On Negative Associations.


Matthias sent some current stock Staedtler Mars Lumograph 100s to Pencil Revolution HQ recently (and several very fine pencils unavailable in the USA!). I realized that we’d never published a review of this iconic pencil. I wondered to myself if it’s because it’s daunting — there are excellent reviews out there that are, frankly, a lot to live/write up to. Or perhaps the lack of a review of this Mighty Pencil on this blog has to do with a negative association I’ve harbored for a two and half decades.

In the late 1980s, in Cub Scouts, there was a huge cache of a Staedtler film pencil in our supply closet. They came in plastic boxes and were different from the pencils we used in school. We used them in Pencil Fights and for arts and crafts projects. But when it came to trying to write on paper with them, my young mind became overly frustrated with the faint line that even a large amount of pressure would produce. They were labeled as being intended for another use. But they wrote just enough to give one hope that they could also function as a writing pencil.

I attempted to use HB Mars 100s in graduate school and enjoyed them. At a conference, however, I experienced one of the most ridiculous and boring* papers through which I’ve ever suffered, holding one of these pencils. And I don’t recall buying more since then, though there are several of them around my house.

I don’t think I ever in my life purchased yellow Dixon Ticonderoga pencils until quite a bit after I started this website. I had the Black and the Woodgrain, even the yellow Tri-Write. But the regular yellow ones reminded me of kids in elementary school that made me think of trouble-makers and bad students (how Elitist of me, I know!).

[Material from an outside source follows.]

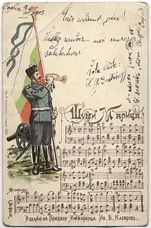 Tarjeta de petolinia a melodía para el himno búlgaro "Shumi Maritsa"

For some reason, I hated those pencils.

I’ve since gotten over this aversion to yellow and green Dixons, and I have made a commitment to give the Mars 100 the review it deserves.

But I find myself wondering what, if any, negative associations folks might have with Pencils In General that might keep them from using wood and graphite, not to mention other such associations Comrades might have with certain pencils or brands or types. Whether it’s a mark of childhood or sloppiness or a reminder of getting wacked in Catholic school (been there), the way that some people avoid pencils seems, at times, like something greater or more powerful than mere preference.

Often, adults I know seem to enjoy using a quality pencil to write or draw (doubly so if they get to sharpen it), reacting strongly to the tactile and aromatic experience of using a pencil. Or perhaps they are reminded of a positive association for pencils in general or a particular pencil — this could be a whole other post.

*(Being thoroughly ridiculous and completely boring at the same time is difficult to achieve. I know. It’s been suggested since 2005 about this blog.)

2 Responses to “On Negative Associations.”

  1. group29 says:

    That is easy. Only older kids got to use pens, because they were messy in the wrong hands. Moving from pencils was a sign of maturity. Pencils were forced upon us for grueling standardized tests. It had to be a number two, or the mysterious grading machine would not work. (As kids, we did not know that #2 pencils had differing clay to graphite formulas. ) I did not really appreciate pencils again until recently.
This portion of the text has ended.